All that's left, before we move into the next subject (or metric type), is to upgrade Prometheus' Chart and confirm that the new alert is indeed operational.
1 helm upgrade -i prometheus
2 stable/prometheus
3 --namespace metrics
4 --version 7.1.3
5 --set server.ingress.hosts={$PROM_ADDR}
6 --set alertmanager.ingress.hosts={$AM_ADDR}
7 -f mon/prom-values-cpu-memory.yml
8
9 open "http://$PROM_ADDR/alerts"
Please refresh the alerts screen if the alert is still not present. In my case (screenshot following), the total of reserved memory and CPU is below fifty percent, and the alert is in the pending state. In your case, that might not be true, and the alert might not have reached its thresholds. Nevertheless, I'll continue explaining my case, where both CPU and memory usage is less than fifty percent of total available.
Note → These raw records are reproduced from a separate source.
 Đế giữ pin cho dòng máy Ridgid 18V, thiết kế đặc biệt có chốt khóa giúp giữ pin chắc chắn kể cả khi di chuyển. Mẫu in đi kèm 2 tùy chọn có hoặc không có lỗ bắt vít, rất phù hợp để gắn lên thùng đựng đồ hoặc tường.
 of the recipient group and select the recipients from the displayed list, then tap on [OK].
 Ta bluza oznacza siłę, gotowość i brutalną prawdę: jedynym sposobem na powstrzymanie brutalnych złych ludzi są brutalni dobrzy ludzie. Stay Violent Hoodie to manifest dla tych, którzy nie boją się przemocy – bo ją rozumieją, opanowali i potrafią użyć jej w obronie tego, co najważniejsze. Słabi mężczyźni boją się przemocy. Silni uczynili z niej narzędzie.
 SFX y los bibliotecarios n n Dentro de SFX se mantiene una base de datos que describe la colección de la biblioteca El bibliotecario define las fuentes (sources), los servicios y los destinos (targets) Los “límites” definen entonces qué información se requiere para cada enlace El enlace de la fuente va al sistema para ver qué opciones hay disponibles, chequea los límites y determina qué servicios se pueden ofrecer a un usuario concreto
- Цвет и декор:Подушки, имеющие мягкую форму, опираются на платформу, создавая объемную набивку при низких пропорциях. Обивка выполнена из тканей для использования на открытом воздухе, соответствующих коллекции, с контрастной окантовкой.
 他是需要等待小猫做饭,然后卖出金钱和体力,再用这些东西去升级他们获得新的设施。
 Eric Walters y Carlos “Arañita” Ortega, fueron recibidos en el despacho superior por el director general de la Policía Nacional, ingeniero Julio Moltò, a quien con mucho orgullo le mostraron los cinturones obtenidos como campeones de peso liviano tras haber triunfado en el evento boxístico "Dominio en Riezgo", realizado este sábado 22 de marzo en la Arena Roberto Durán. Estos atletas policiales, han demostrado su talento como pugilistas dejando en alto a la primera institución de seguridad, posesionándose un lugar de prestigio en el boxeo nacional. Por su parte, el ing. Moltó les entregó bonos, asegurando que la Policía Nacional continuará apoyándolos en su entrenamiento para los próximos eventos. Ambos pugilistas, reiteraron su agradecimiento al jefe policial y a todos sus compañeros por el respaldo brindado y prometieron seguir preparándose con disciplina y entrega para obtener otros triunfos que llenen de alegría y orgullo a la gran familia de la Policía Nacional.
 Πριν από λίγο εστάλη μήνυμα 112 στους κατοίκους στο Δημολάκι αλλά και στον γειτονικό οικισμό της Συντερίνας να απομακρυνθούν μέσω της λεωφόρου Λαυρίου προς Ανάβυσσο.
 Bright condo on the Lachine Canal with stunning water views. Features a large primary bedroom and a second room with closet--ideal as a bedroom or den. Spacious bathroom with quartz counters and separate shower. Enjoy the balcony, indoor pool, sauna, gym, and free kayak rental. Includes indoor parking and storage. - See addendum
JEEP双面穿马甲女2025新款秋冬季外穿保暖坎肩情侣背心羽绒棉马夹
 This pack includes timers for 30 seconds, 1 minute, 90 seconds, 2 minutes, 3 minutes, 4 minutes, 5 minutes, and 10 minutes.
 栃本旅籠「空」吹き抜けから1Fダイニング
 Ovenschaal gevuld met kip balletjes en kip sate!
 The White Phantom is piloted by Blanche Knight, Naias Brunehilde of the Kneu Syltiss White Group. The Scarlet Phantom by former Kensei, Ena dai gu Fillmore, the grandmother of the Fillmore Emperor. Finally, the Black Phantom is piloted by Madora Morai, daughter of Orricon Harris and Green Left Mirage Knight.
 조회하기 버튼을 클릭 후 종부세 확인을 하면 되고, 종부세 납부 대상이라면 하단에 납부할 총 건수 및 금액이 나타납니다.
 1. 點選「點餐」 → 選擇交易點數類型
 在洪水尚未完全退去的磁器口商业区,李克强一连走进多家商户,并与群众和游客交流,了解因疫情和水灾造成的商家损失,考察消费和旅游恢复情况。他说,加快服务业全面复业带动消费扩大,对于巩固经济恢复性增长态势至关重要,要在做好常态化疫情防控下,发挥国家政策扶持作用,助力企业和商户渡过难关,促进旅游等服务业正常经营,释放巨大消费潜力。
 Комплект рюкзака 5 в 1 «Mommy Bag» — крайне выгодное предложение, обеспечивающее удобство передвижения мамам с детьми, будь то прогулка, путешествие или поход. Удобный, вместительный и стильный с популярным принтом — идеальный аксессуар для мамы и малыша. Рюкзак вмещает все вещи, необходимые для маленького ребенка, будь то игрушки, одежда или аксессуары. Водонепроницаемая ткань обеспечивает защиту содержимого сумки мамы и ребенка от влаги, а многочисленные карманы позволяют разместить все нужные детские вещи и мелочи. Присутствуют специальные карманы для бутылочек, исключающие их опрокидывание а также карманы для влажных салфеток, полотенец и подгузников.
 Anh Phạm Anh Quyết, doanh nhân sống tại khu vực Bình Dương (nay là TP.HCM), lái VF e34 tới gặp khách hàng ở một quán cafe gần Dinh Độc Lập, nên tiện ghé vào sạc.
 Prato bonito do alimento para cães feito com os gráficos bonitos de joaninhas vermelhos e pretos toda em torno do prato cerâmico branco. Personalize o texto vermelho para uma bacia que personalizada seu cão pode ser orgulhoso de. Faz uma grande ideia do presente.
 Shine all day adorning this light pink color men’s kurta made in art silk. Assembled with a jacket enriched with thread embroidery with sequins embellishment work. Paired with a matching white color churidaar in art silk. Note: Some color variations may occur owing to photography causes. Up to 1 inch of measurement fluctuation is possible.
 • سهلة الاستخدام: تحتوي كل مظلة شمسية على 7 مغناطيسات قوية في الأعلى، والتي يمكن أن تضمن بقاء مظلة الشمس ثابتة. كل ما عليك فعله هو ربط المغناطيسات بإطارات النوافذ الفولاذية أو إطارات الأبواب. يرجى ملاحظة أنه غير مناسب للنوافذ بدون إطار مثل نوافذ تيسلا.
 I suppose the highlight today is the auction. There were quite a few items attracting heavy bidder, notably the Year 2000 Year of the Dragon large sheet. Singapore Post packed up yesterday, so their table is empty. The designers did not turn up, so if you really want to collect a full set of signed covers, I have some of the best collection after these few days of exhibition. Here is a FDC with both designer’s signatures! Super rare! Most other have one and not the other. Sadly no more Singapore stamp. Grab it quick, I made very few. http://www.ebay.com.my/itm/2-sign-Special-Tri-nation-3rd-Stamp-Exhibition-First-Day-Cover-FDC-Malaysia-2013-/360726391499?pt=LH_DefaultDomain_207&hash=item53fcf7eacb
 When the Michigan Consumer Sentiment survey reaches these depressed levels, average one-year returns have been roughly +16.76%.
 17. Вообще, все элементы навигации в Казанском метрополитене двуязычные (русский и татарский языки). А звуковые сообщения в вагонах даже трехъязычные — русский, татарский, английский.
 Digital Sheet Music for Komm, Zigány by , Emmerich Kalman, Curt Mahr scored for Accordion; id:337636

Thirty minutes later (for: 30m), the alert fired. It waited for a while (30m) to confirm that the drop in memory and CPU usage is not temporary. Given that I'm running my cluster in AKS, Cluster Autoscaler would remove one of the nodes long before thirty minutes. But, since it is configured to operate with a minimum of three nodes, CA will not perform that action. As a result, I might need to reconsider whether paying for three nodes is a worthwhile investment. If, on the other hand, my cluster would be without Cluster Autoscaler, and assuming that I do not want to waste resources while other clusters might need more, I would need to remove one of the nodes (manually or automatically). If that removal were automatic, the destination would not be Slack, but the API of the tool in charge of removing nodes.
Now that we have a few examples of saturation, we covered each of the metrics championed by Google Site Reliability Engineers and almost any other monitoring method. Still, we're not done. There are a few other metrics and alerts I'd like to explore. They might not fall into any of the discussed categories, yet they might prove to be very useful.